There is a long-held, very problematic fallacy in society that sex workers can’t be assaulted due to the nature of their job. As a result, they have been excluded from public discussion on sexualised and gender-based violence. Yet sex workers are a criminalised group of people, vulnerable to sexual assault and oppressed in a variety of intersectional ways – so their exclusion from these conversations just doesn’t make sense.

Statistics show that sex workers are more likely to experience sexual abuse on the job, but they have few good options to report it. If they do report it, they’re not treated with the same empathy as other victims and run the risk of being arrested for prostitution.
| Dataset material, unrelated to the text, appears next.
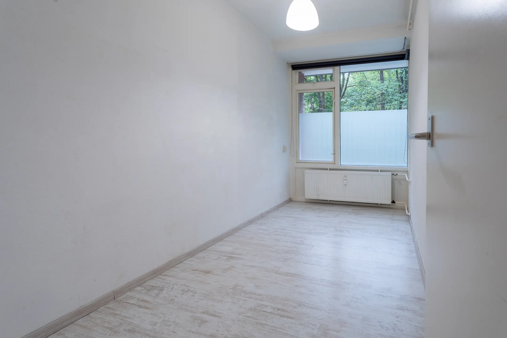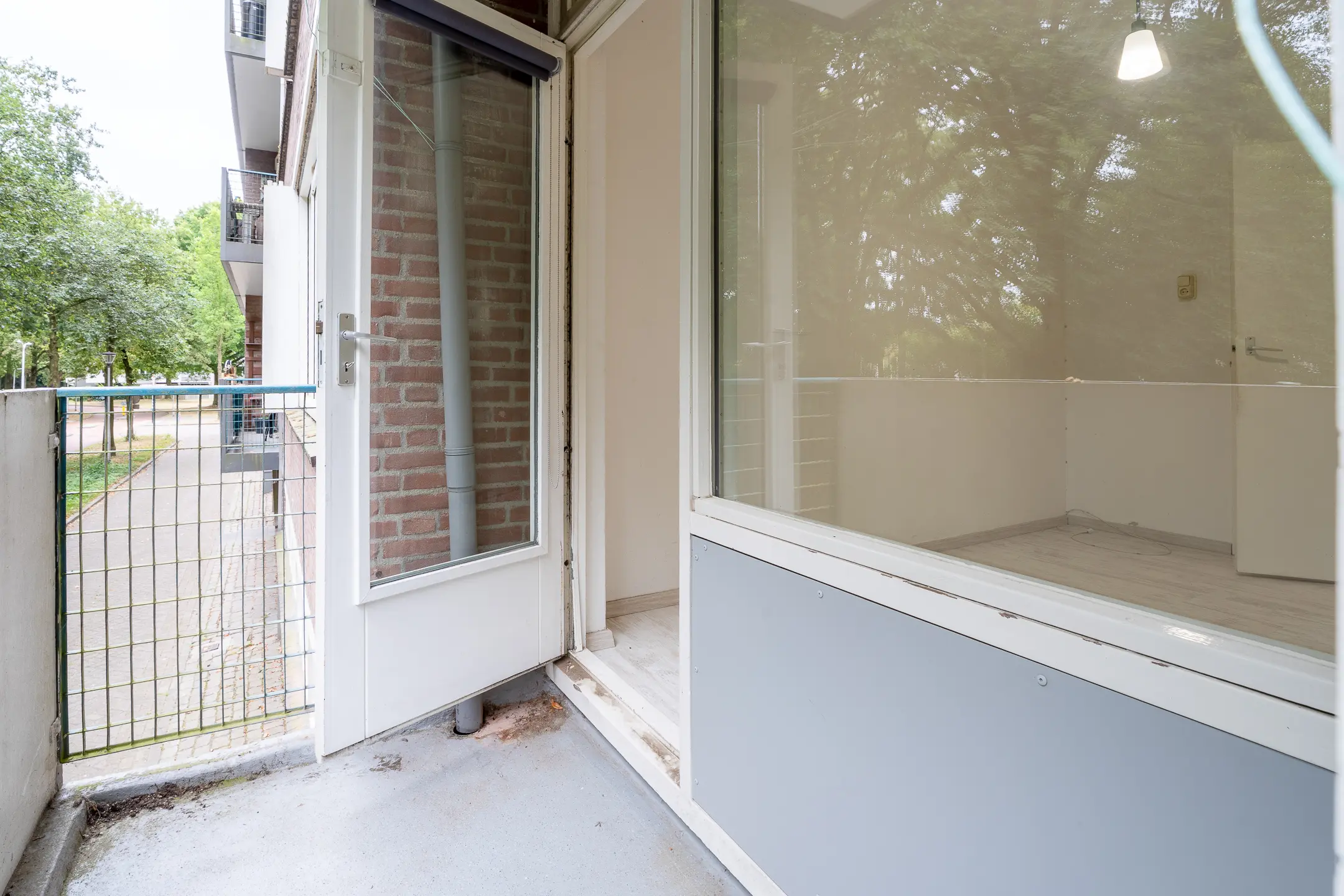 Het appartement beschikt over twee fijne slaapkamers (beide ca. 8m²) met een afwerking gelijk aan die van de woonkamer. Via één van de slaapkamers is het balkon bereikbaar, ca. 4m² groot, met een mooi uitzicht op de groene omgeving.

Society tells us that they should expect abuse: they should expect to be treated badly and they should expect to have their boundaries violated. They have, after all, “put themselves at risk.” This puts the onus of abuse onto the women who experience it, rather than those who commit it.

This rhetoric – as the unrapeable sex worker or the acceptable target – is prevalent in our culture and has kept sex workers silenced for so long.

I’m not sure if #MeToo is a perfect model for sex workers. The nature of the movement may force sex workers to out themselves on social media, and they could face double the backlash as victim-blaming and slut-shaming is paired with sex work stigma. It would also need to deal with the much larger problem, which is that much of the abuse sex workers face comes from state authorities. But regardless of #MeToo, sex workers must be included in public discourse on sexual violence and abuse.

The effects of sex work stigma are active in society and a huge majority of media is complicit in further entrenching and normalising it. We need not only policy and legal change, but cultural change. We need to advocate for the decriminalisation of sex work and safer working conditions. We need more people to identify themselves as allies and include sex workers in public conversation on sexual violence. The media needs to report on sex workers’ stories of assault, not only because they are at more risk but because they are often unable to report their abusers for fear of punishment. Let’s start treating sex workers with the respect they deserve.